Möglichkeiten zur Überprüfung der auditiven Wahrnehmung
 Richtungen von Geräuschquellen zeigen und nennen
 Mit geschlossenen Augen klatschen, klopfen, stampfen
 Geräusche der Umwelt (tropfender Wasserhahn, Wind) erkennen
 Fortsetzen einfacher Rhythmen
 Kurze Geschichte nacherzählen
 Wörter auf Grund ihrer „auditiven Länge) unterscheiden
 Ähnlich klingende Wörter unterscheiden
5. Sprechen
Das Sprechen stellt die wichtigste Voraussetzung für die Entwicklung des Denkens
dar.
Möglichkeiten zur Überprüfung im sprachlichen Bereich
 Befolgen sprachlicher Anweisungen
 Verwendung annähernd richtiger Sprachstruktur (Satzbau, Wortfolge, Fallendungen)

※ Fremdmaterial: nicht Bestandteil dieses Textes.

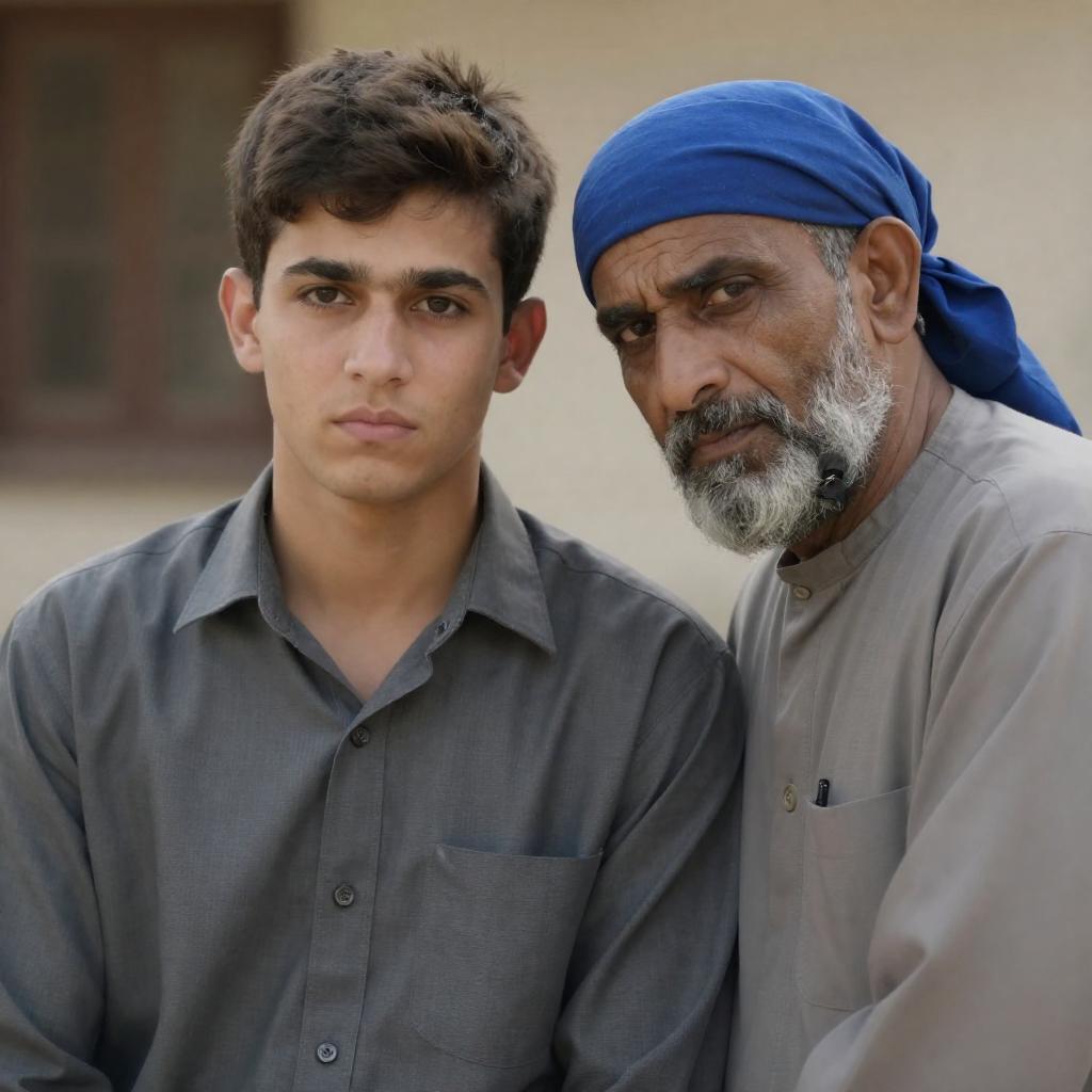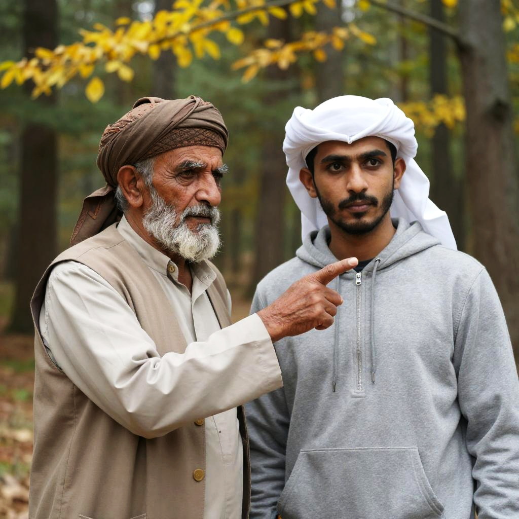 Photograph of two men in a forest. Elder man with gray beard, brown headscarf, and beige vest points with index finger. Younger man with white headscarf, gray hoodie, and mustache looks serious. Background: dense trees, yellow leaves. Elder man points at younger man. Both men have focused expressions.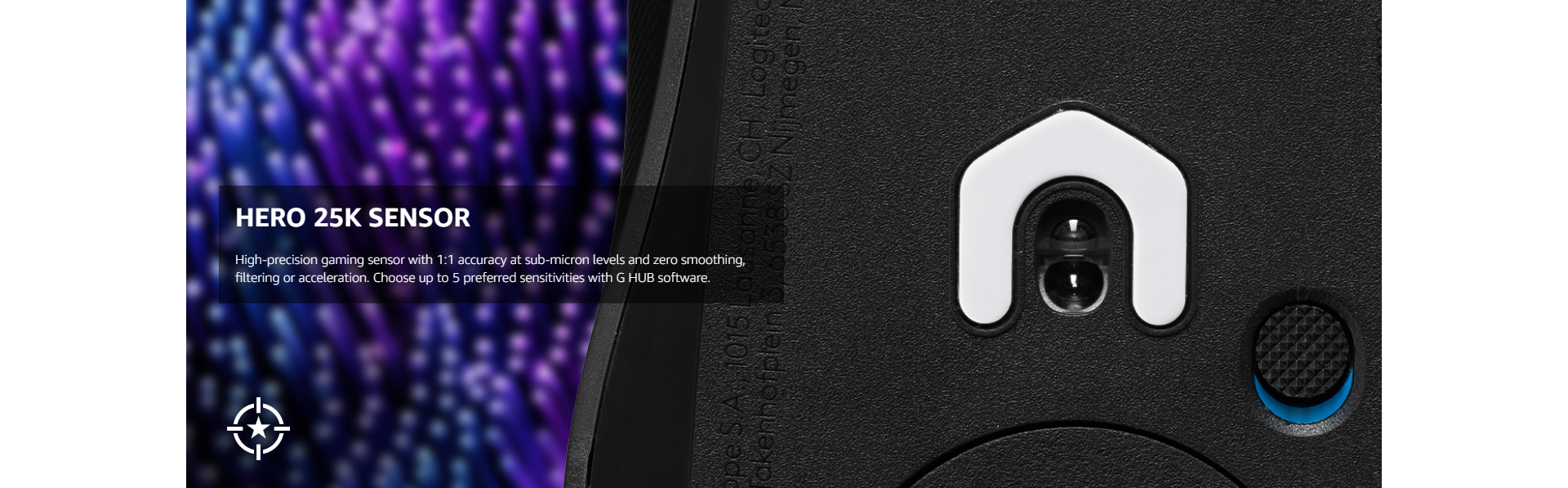 • Capteur Gaming HERO 25K : Précision idéal jusqu'au sub-micron pour une acuité haute-précision sans lissage/filtrage/accélération pour des hautes performances de gaming à chaque fois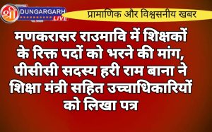 श्रीडूंगरगढ़ लाइव न्यूज़ 24 दिसंबर 2024 क्षेत्र के राउमावि मणकरासर में शिक्षकों के पदों के रिक्त होने की जानकारी स्थानीय...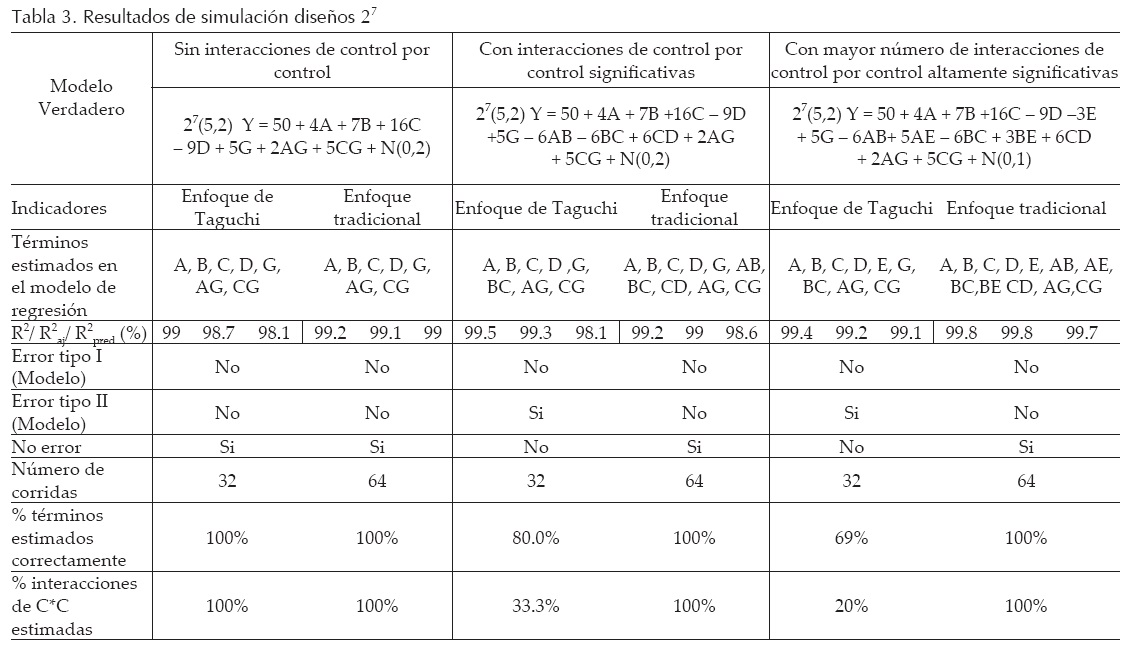 Como se puede observar en la tabla 6, al comparar los resultados de ambas metodologías, se nota una diferencia porcentual bastante significativa en la capacidad para estimar interacciones de control por control por parte del enfoque de Taguchi. Esta tendencia de reducción de la capacidad para estimar estas las interacciones se incrementa cuando los modelos simulados se saturan con interacciones de control por control.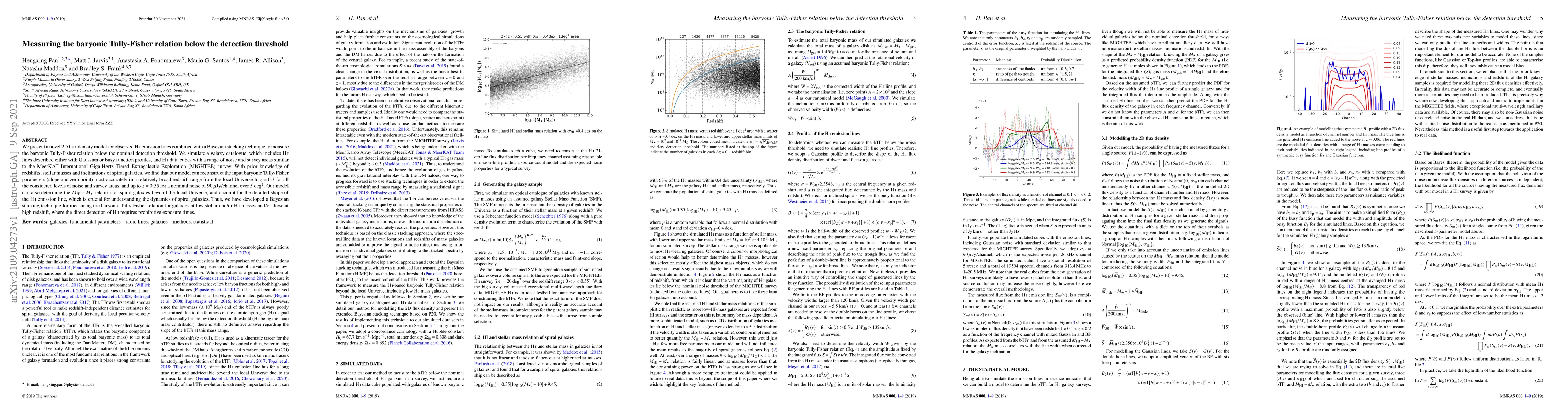 This paper introduces a 2D flux density model and Bayesian stacking technique to measure the baryonic Tully-Fisher relation for galaxies below the detection threshold. The model accurately reconstructs the baryonic Tully-Fisher parameters and the $M_{\rm HI} - M_{\star}$ relation, even for high-redshift galaxies, overcoming the limitations of direct HI detection.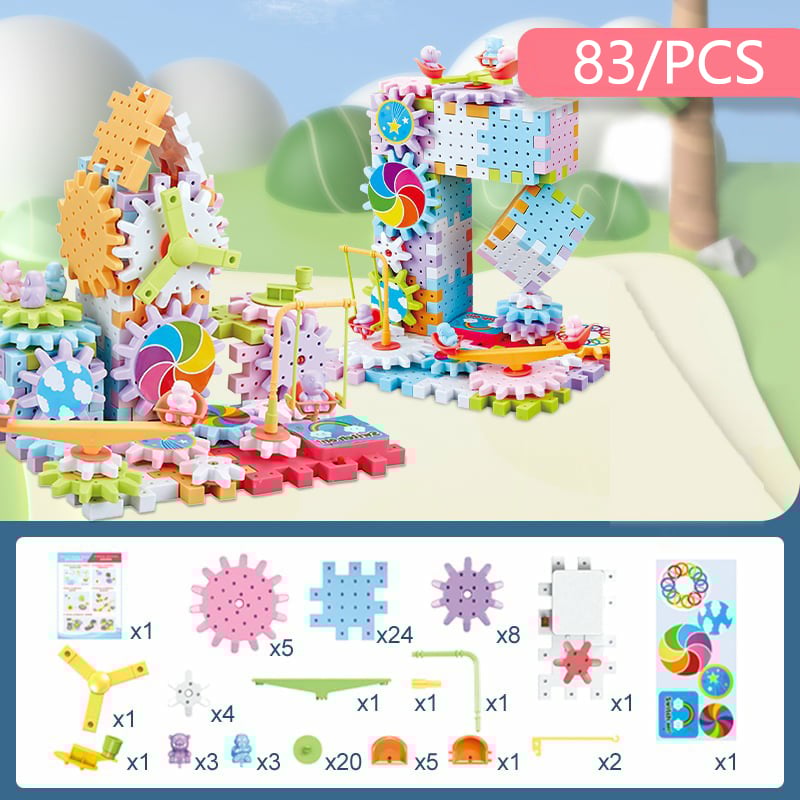 Enhance child hand-eye coordination and design skills by building different shaped gears and blocks!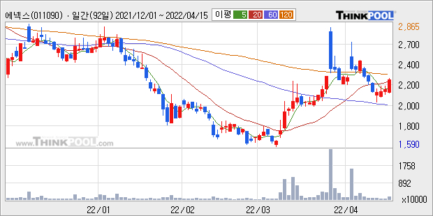 에넥스는 2021년 매출액 2018억원과 영업이익 -123억원을 기록했다. 전년대비 매출은 -13.7% 하락했고, 영업이익은 전년에 이어 적자가 지속됐다. 이 회사의 매출액 증감률과 영업이익 증감률은 각각 코스피 하위 6%, 하위 16%에 해당된다.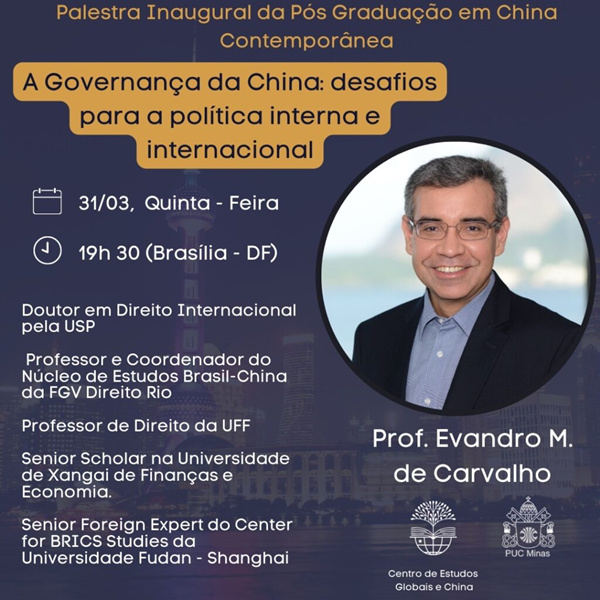 Na aula inaugural realizada no dia 31, prévia ao início do curso, o professor Evandro Menezes de Carvalho fez uma palestra sobre a Governan?a da China: Desafios para a política interna e internacional.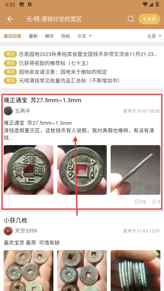 3、在元明清钱币讨论欣赏区,点击雍正通宝 苏27.5mm~1.3mm的帖子条目,进入帖子详情页面。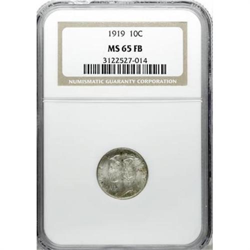 <B>1919 10C MS65 Full Bands NGC.</B></I> NGC Census: (54/15). PCGS Population (119/50). Mintage: 35,740,000. Numismedia Wsl. Price for NGC/PCGS coin in MS65: $500. (#4923)<BR><BR><B>Coin Engraver:</B> Adolph A. Weinman<BR><BR><b>Shipping:</b> Coins & Currency (<a target="_blank" href="http://www.heritageauctions.com/common/shipping.php">view shipping information</a>)
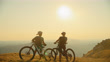 Golden Hour Wayfinders: Two Cyclists Trace the Valley's Secrets from Their Mountain Perch - 4K stock video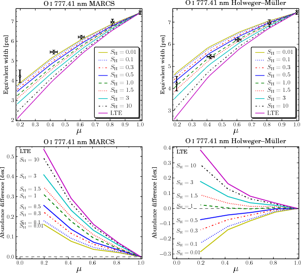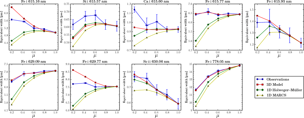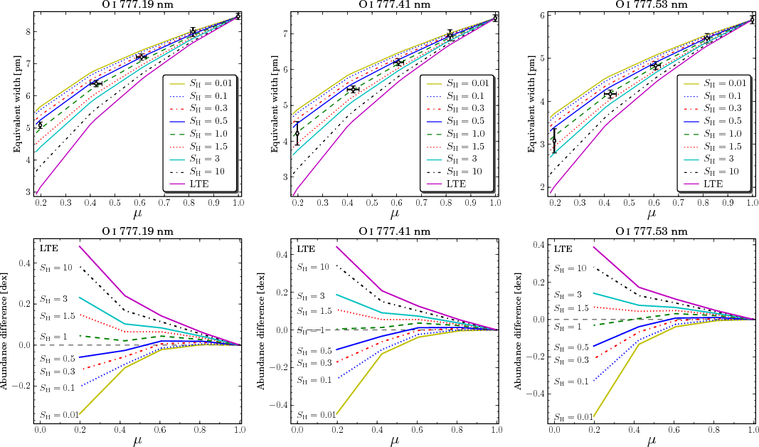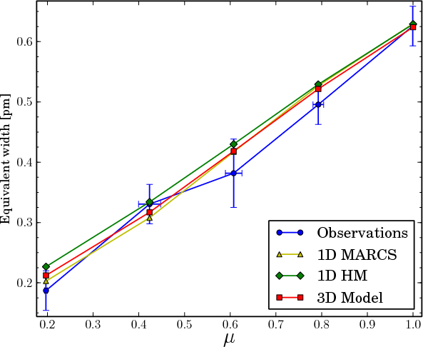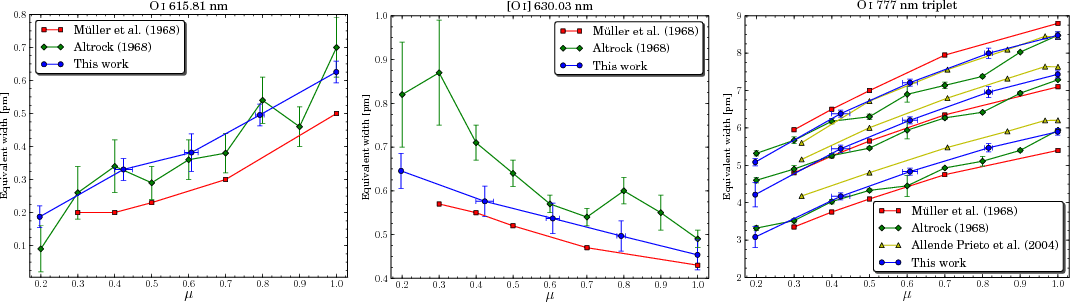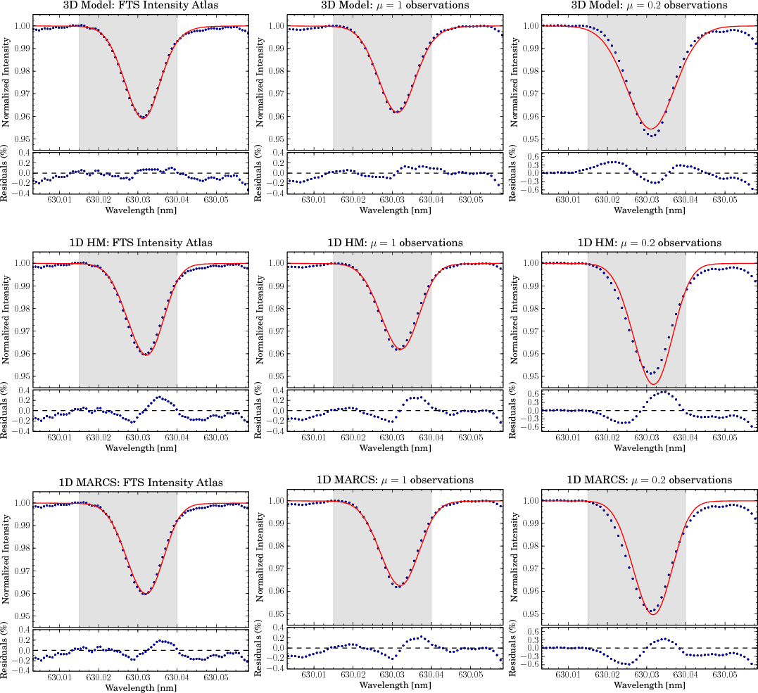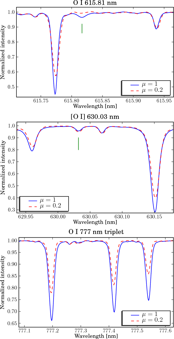 - The oxygen abundance was the only adjusted parameter in the disk-centre fit, and all other lines have the same abundance and parameters throughout the analysis.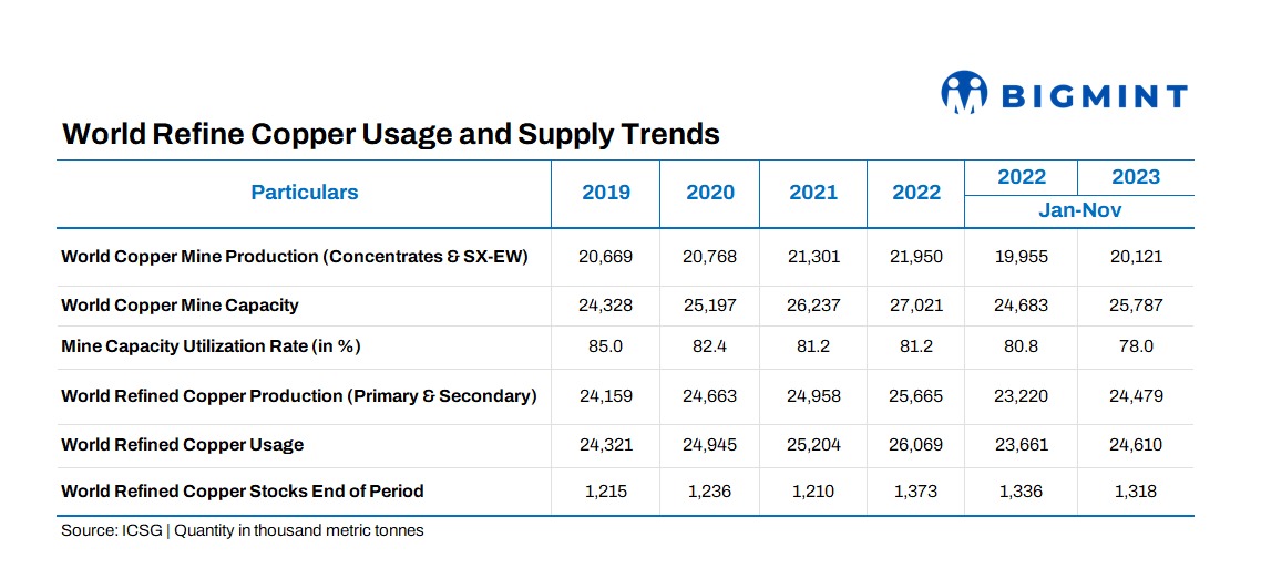 Between January and November 2023, worldwide refined copper usage rose by 4%. Global refined copper usage growth has been primarily driven by robust demand in China, where apparent demand, excluding changes in bonded/unreported stocks, increased by approximately 9%.

 Sinngemäße Antworten auf gestellte Fragen geben
 Erklären einfacher Begriffe, wie Haus, Baum etc.
 Richtige Artikulation von Lauten
 Dem Sprachsinn angepasste Sprachmelodie (Fragesatz, Befehle, Ausrufe etc.)
einhalten
6. Körperschema und Lateralität
Das Körperschema, d. h. das Bewusstsein des eigenen Körpers und der Körperbegriff sind ein wichtiger Zugang zur Umwelt und zur Orientierung. Die Dominanz
einer Körperseite stellt eine wichtige Voraussetzung für die Kooperation der beiden
Gehirnhälften.
Möglichkeiten zur Überprüfung des Körperschemas
 Zeichnen eines Selbstbildnisses mit den wichtigen Körperteilen
 Einzelne Körperteile benennen und am eigenen Körper zeigen
 Einzelne Körperteile an einer Puppe zeigen
 Gliederpuppe mit Hilfe von Stäbchen legen
Möglichkeiten zur Feststellung der Dominanz
 Mit welcher Hand schreibt das Kind?
 Mit welcher Hand bedient es den Lichtschalter?
 Mit welcher Hand wickelt es den Faden auf?
 Auf welchem Bein steht es?
 Mit welchem Auge schaut es durch das Schlüsselloch?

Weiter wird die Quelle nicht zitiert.